◆ **ABOUT THIS TASK**: Reproduce every record below exactly as written, but leave out any pictures.

◆ **PROVIDED INFORMATION**:
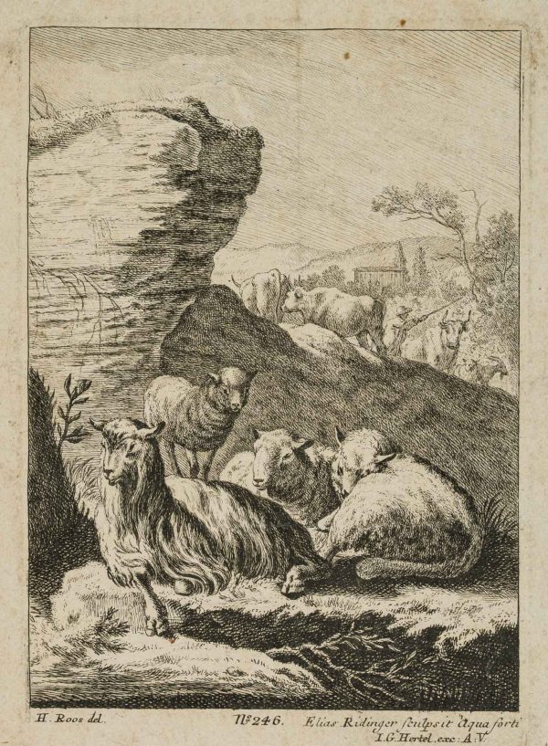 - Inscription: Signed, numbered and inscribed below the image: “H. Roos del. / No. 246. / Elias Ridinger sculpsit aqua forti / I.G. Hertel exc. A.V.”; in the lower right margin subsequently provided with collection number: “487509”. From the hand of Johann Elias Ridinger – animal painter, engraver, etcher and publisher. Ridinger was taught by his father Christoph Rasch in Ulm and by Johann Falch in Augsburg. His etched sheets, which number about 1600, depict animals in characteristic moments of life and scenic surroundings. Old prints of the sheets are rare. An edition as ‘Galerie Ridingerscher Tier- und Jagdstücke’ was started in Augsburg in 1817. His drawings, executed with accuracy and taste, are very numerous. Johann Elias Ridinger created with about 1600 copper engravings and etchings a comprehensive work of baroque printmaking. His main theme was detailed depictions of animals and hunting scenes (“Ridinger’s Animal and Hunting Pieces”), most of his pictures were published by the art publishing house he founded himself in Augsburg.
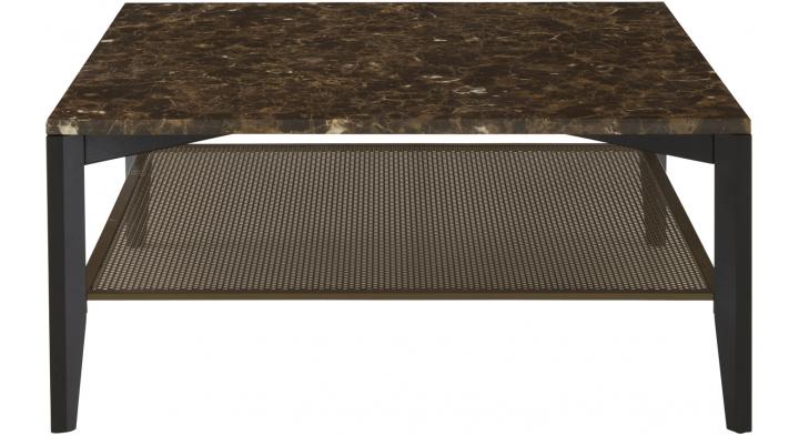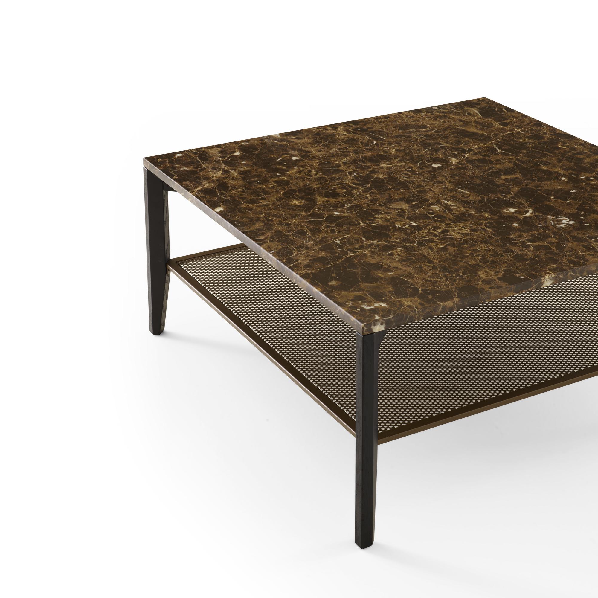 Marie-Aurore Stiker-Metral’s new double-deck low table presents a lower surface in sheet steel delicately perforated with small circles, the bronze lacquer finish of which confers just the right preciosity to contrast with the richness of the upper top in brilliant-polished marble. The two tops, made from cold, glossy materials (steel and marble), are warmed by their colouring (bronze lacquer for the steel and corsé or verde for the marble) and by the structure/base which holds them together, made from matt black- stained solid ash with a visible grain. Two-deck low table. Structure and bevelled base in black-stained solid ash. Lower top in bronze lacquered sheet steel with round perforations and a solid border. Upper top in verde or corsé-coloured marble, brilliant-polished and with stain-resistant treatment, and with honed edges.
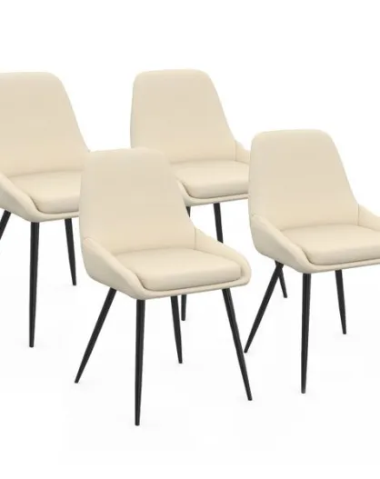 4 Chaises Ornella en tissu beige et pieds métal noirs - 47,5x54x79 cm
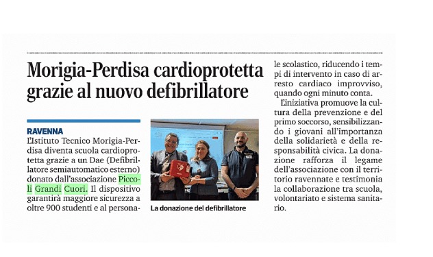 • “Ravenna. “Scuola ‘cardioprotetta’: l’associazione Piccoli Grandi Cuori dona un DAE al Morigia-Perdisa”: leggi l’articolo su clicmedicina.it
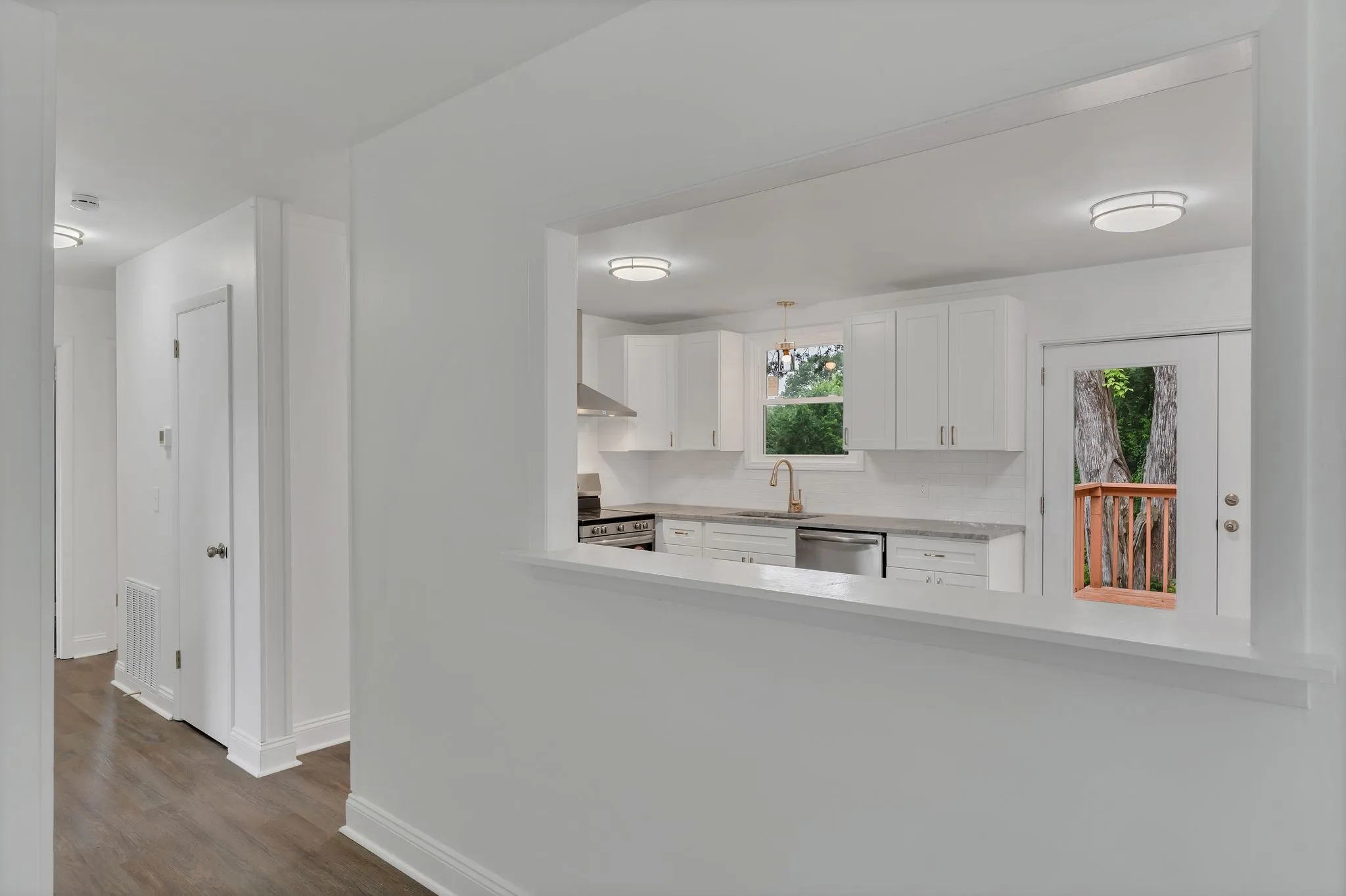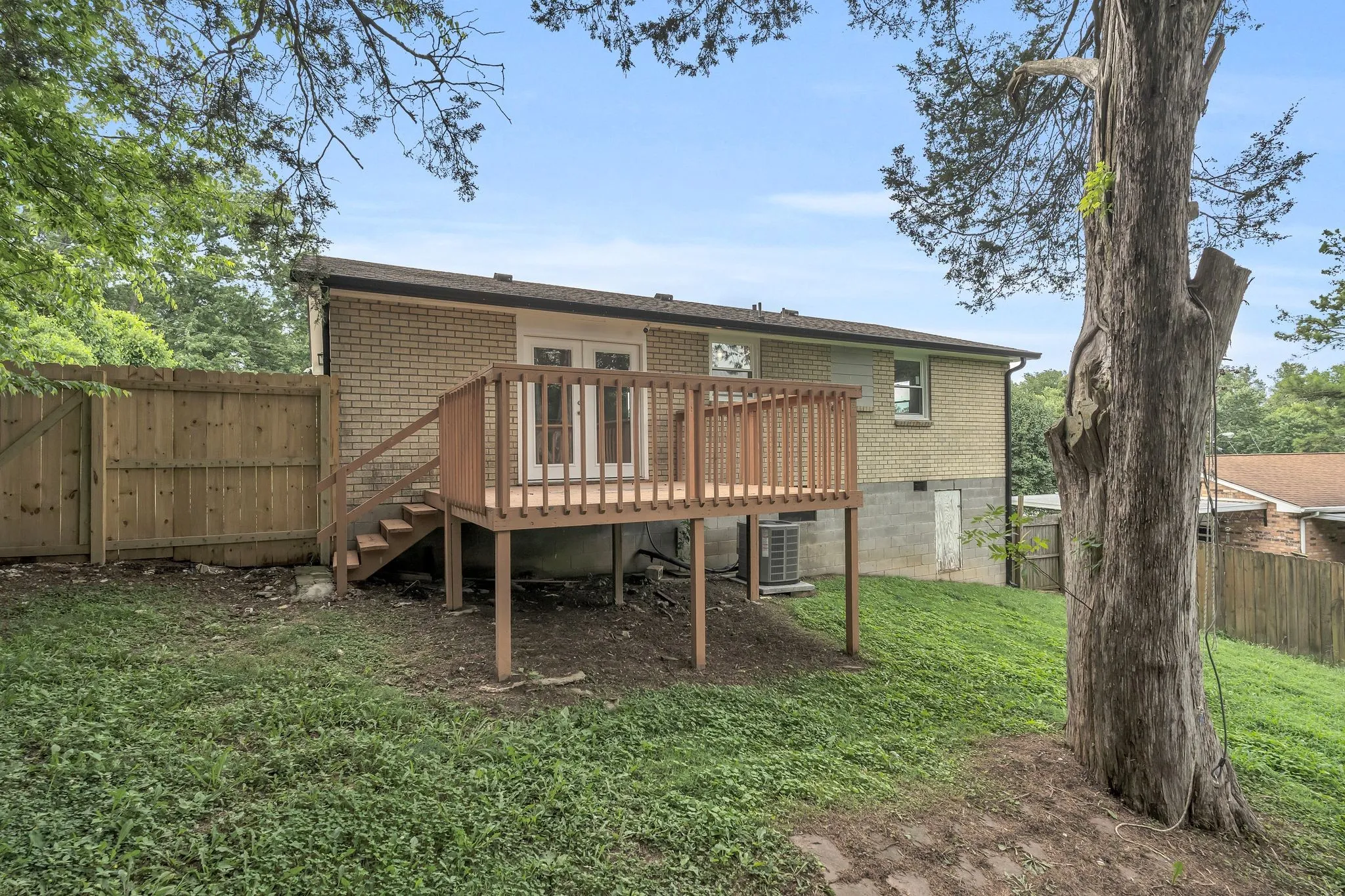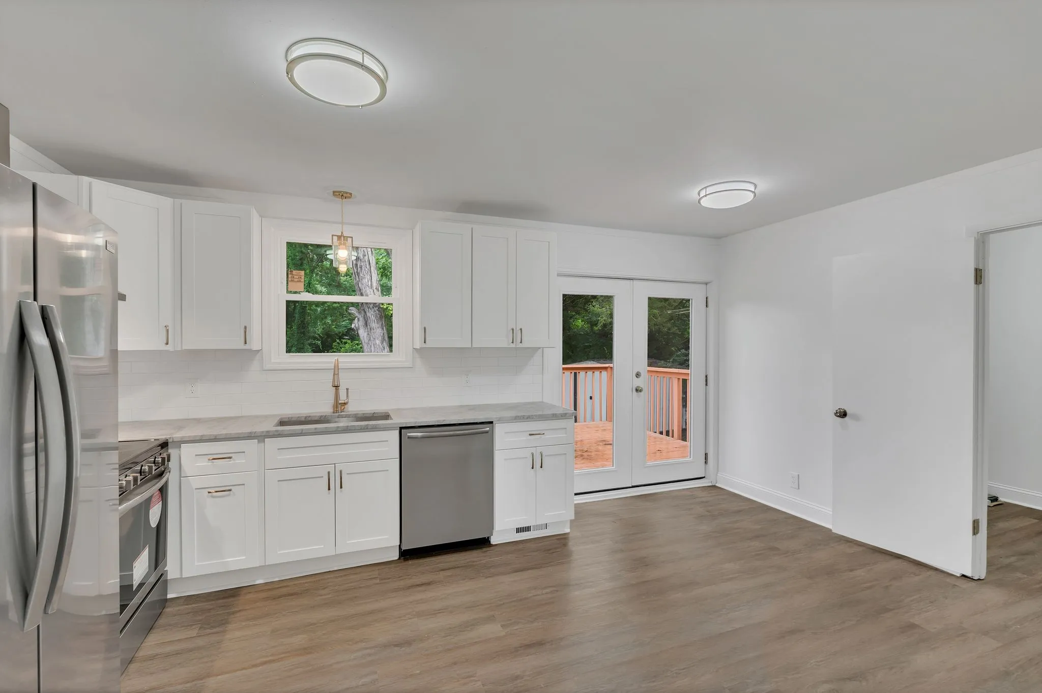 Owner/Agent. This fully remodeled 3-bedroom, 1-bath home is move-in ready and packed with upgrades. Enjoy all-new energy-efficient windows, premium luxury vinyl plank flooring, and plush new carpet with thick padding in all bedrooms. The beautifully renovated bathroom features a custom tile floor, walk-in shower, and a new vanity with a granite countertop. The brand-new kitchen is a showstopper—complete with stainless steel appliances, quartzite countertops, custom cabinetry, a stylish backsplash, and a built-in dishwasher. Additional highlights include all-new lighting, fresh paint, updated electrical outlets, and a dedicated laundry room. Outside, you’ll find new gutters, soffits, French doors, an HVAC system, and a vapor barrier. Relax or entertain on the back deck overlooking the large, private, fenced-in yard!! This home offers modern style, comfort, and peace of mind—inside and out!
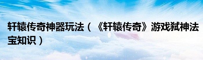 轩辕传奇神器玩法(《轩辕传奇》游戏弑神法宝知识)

◆ **OUTPUT FOR THIS TASK**:
 - Inscription: Signed, numbered and inscribed below the image: “H. Roos del. / No. 246. / Elias Ridinger sculpsit aqua forti / I.G. Hertel exc. A.V.”; in the lower right margin subsequently provided with collection number: “487509”. From the hand of Johann Elias Ridinger – animal painter, engraver, etcher and publisher. Ridinger was taught by his father Christoph Rasch in Ulm and by Johann Falch in Augsburg. His etched sheets, which number about 1600, depict animals in characteristic moments of life and scenic surroundings. Old prints of the sheets are rare. An edition as ‘Galerie Ridingerscher Tier- und Jagdstücke’ was started in Augsburg in 1817. His drawings, executed with accuracy and taste, are very numerous. Johann Elias Ridinger created with about 1600 copper engravings and etchings a comprehensive work of baroque printmaking. His main theme was detailed depictions of animals and hunting scenes (“Ridinger’s Animal and Hunting Pieces”), most of his pictures were published by the art publishing house he founded himself in Augsburg.
 Marie-Aurore Stiker-Metral’s new double-deck low table presents a lower surface in sheet steel delicately perforated with small circles, the bronze lacquer finish of which confers just the right preciosity to contrast with the richness of the upper top in brilliant-polished marble. The two tops, made from cold, glossy materials (steel and marble), are warmed by their colouring (bronze lacquer for the steel and corsé or verde for the marble) and by the structure/base which holds them together, made from matt black- stained solid ash with a visible grain. Two-deck low table. Structure and bevelled base in black-stained solid ash. Lower top in bronze lacquered sheet steel with round perforations and a solid border. Upper top in verde or corsé-coloured marble, brilliant-polished and with stain-resistant treatment, and with honed edges.
 4 Chaises Ornella en tissu beige et pieds métal noirs - 47,5x54x79 cm
 • “Ravenna. “Scuola ‘cardioprotetta’: l’associazione Piccoli Grandi Cuori dona un DAE al Morigia-Perdisa”: leggi l’articolo su clicmedicina.it
 Owner/Agent. This fully remodeled 3-bedroom, 1-bath home is move-in ready and packed with upgrades. Enjoy all-new energy-efficient windows, premium luxury vinyl plank flooring, and plush new carpet with thick padding in all bedrooms. The beautifully renovated bathroom features a custom tile floor, walk-in shower, and a new vanity with a granite countertop. The brand-new kitchen is a showstopper—complete with stainless steel appliances, quartzite countertops, custom cabinetry, a stylish backsplash, and a built-in dishwasher. Additional highlights include all-new lighting, fresh paint, updated electrical outlets, and a dedicated laundry room. Outside, you’ll find new gutters, soffits, French doors, an HVAC system, and a vapor barrier. Relax or entertain on the back deck overlooking the large, private, fenced-in yard!! This home offers modern style, comfort, and peace of mind—inside and out!
 轩辕传奇神器玩法(《轩辕传奇》游戏弑神法宝知识)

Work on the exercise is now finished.